Rosika Schwimmer
Two West Eighty-Third Street
New York City
February 11, 1928
Dear Friends in many lands:
Fully five months have passed since a gracious message bearing also your name brightened the day which marked half a century of my very futile life.
Tragedy enough for a whole lifetime was crowded into these last months. Cancer had just robbed the world of the beautiful and valuable life of Vilma Glücklich, my dear friend and team-mate for a quarter of century in Pacifist and Feminist work. A social cancer had lead to the appealing martyrdom of Sacco and Vanzetti. Heart-rending suicides in the circle of friends have followed each other. And all the while cancer was slowly but inevitably exhausting my own bellowed Mother’s life.
The international message of friendship and of encouragement came as a flashlight into the darkness of those days. I wished to rush off my thanks to you and all the others who had united in the message of generous appreciation for my past work, and encouragement for the future. But the days following its receipt were tightly packed with events that absorbed every once of my mental and physical health.
Expatriated because of my pacifist and democratic principles, I sought citizenship in the New World principles of this nature used to be at home. Citizenship, however, has been denied to me in the United States because of my uncompromising pacifism, an event of crushing effect not only because of its consequences for my person but its broader and terrible significance.

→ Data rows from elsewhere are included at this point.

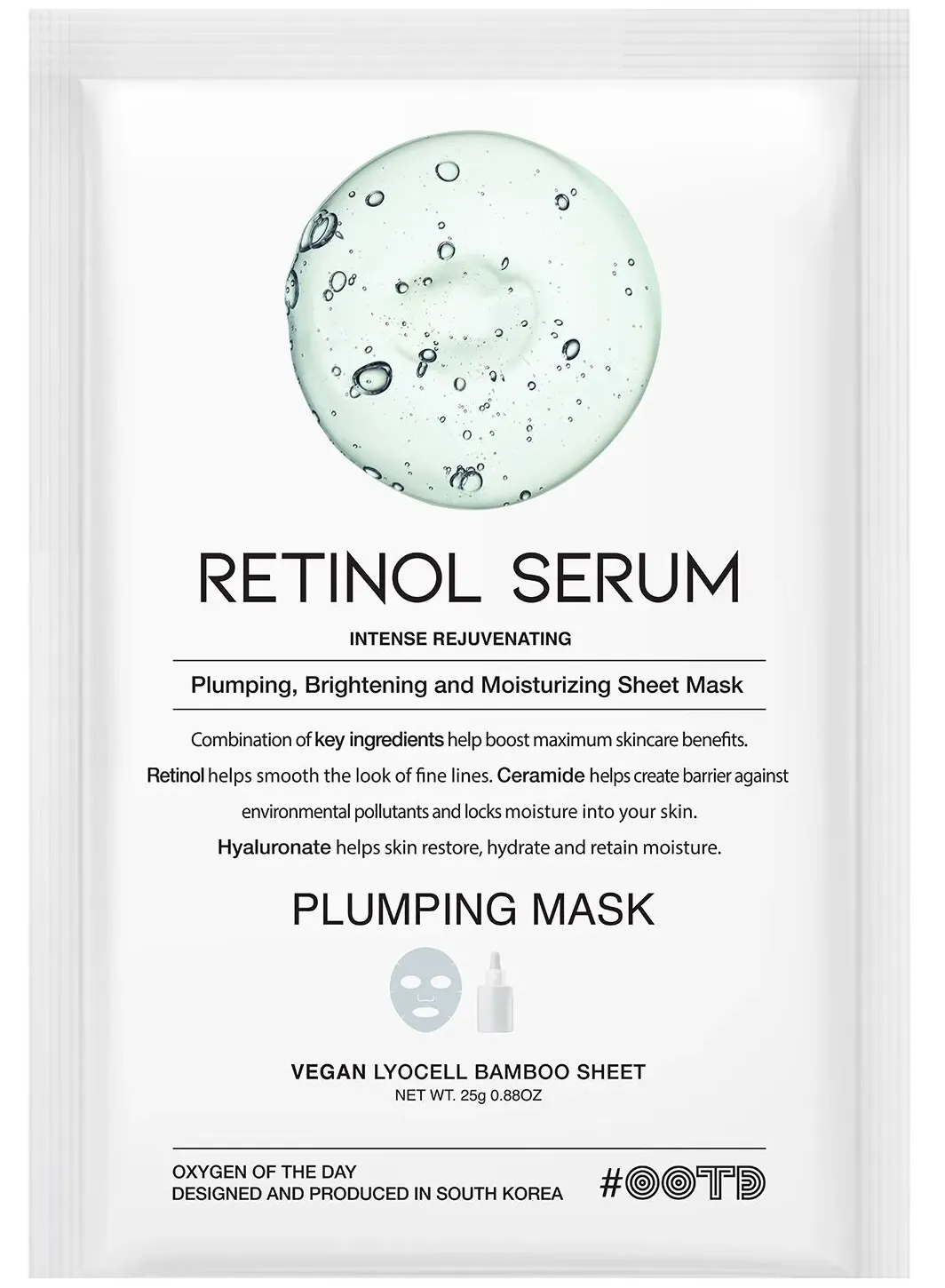 OOTD Retinol Serum Plumping Mask — это тканевая маска для лица, которая содержит ретинол и специально разработана для питания и восстановления кожи. Маска помогает улучшить текстуру кожи, способствует уменьшению морщин, выравниванию тона и повышению упругости. Ретинол стимулирует выработку коллагена, что способствует более молодой и гладкой коже.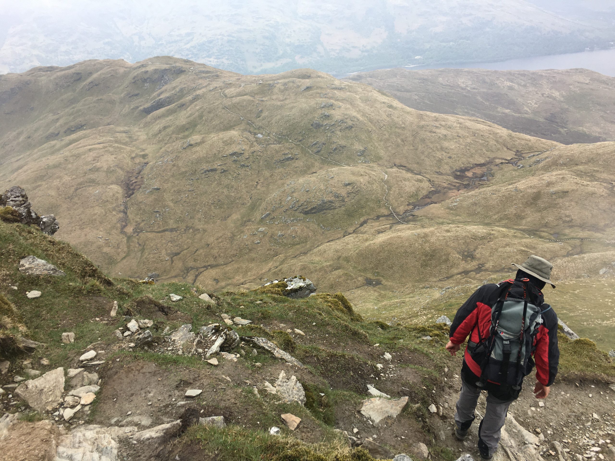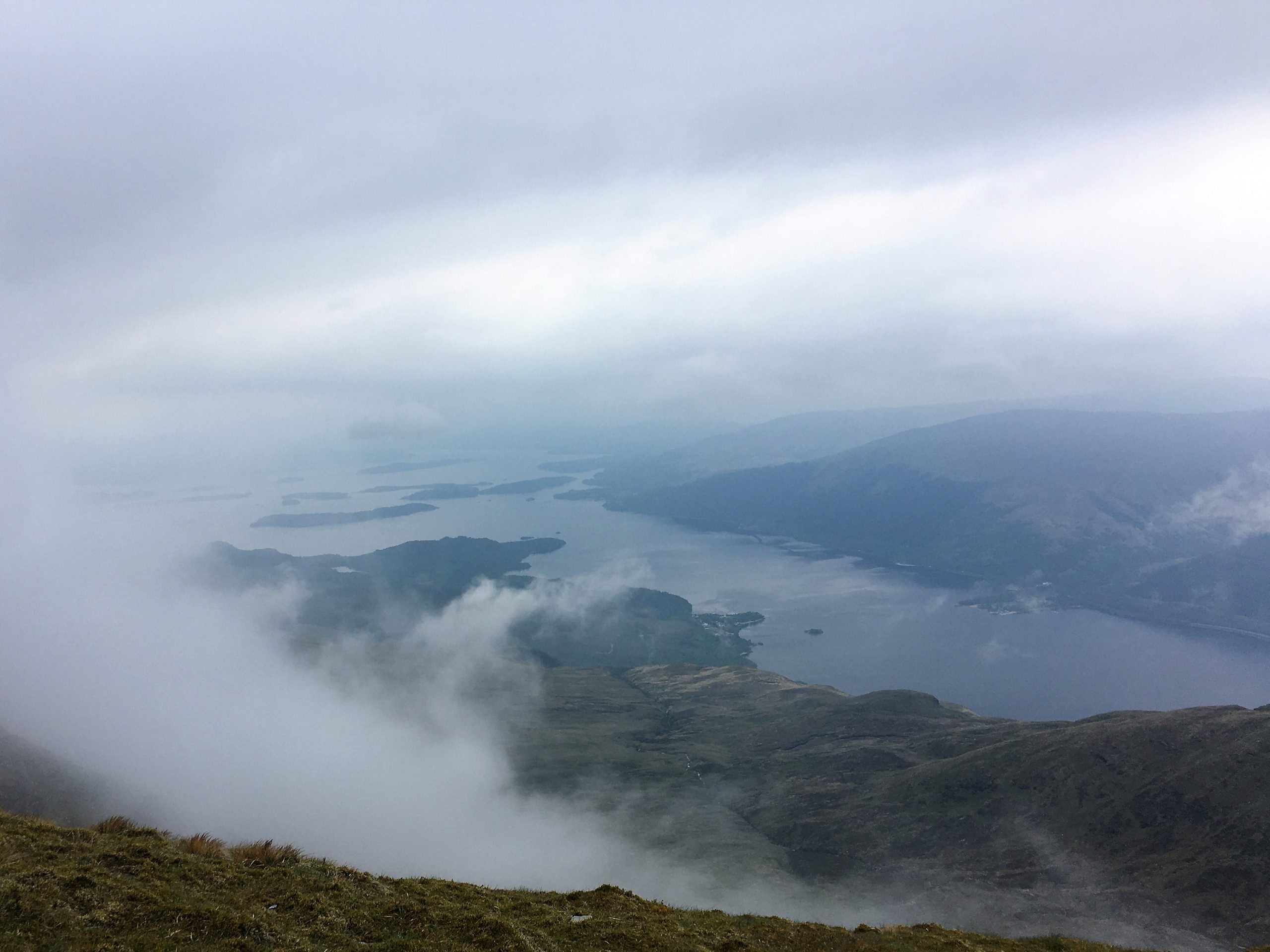 When we reached the trig point we were resigned to a cloudy descent, we made our way to the past the summit onto a path far less trodden that would take us down a short section of very easy rocky scrambling onto the Ptarmigan ridge. Paul called out to me as he spotted what might have been a view in the swirling mist. A surprise view of the steel grey loch, studded with darker grey islands, opened up briefly below us, It wasn’t much of a view but it was more than we’d seen for a while, and as we descended we saw more breaks in the cloud, giving us spoiler glimpses of the path ahead and the view below.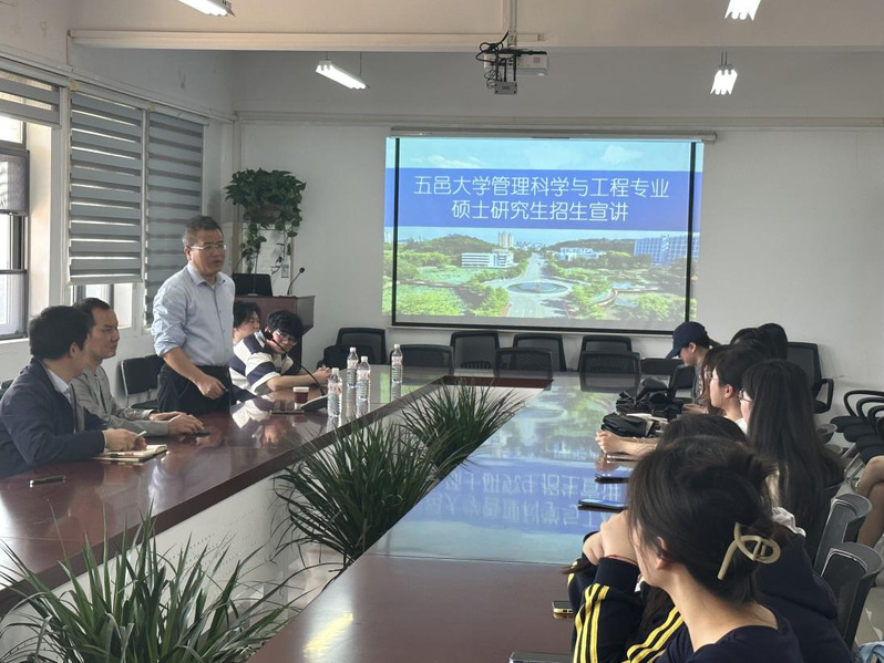 宣讲会上,五邑大学经济管理公司招生负责人首先围绕公司近年招生情况、研究生教育水平、招生政策等方面做了详细介绍。随后,针对管理科学与工程专业进行了详细阐述,并播放了专业招生宣传视频,内容包括学科优势、团队队伍和科研实力等。负责人强调,该专业作为广东省重点培育学科,依托“产学研用”一体化培养体系,聚焦大数据分析、智慧供应链管理、系统工程等前沿领域,致力于培养兼具理论素养与实践能力的复合型管理人才。

In spirit of world citizen, I remain politically a “woman without country”, which means also without passport, that indispensable document of free movement. And it means above everything else exclusion from participation in the world’s work. Unable to resign myself without resistance to a file of inactivity and fruitless contemplation, I spent the past months in a last attempt for my reactivation. Having utterly failed, I must at least give in.
The time has come now to explain what kept me from thanking you, my friends, earlier for the birthday message, the flowers, the presents and the cables. All those manifestations of friendship were immeasurably precious to me and made me the more happy because they brightened the last days of my Mother, who had followed me into exile to die here.
Your encouragement to write a chronicle of efforts for peace during the war, will help me to take up the book I had started to write several years ago but abandoned because I lacked the spirit for the work. It is not an empty phase if I say I consider myself blessed with the best friends any one can have. Without them, their loyalty, life would long ago have ceased to be bearable to me.
In thanking you so late for your kind birthday message, I trust you will forgive the delay and continue to support me with your generous sympathy.
To those of you who kindly expressed their condolence at the death of my Mother and their regrets at the refusal of citizenship, I wish to add another word of apology for the delay in thanking them for these manifestations of friendliness.
Cordially,
Rosika Schwimmer
February 11, 1928. New York Public Library Manuscripts and Archives Division. Rosika Schwimmer Papers, Box 485.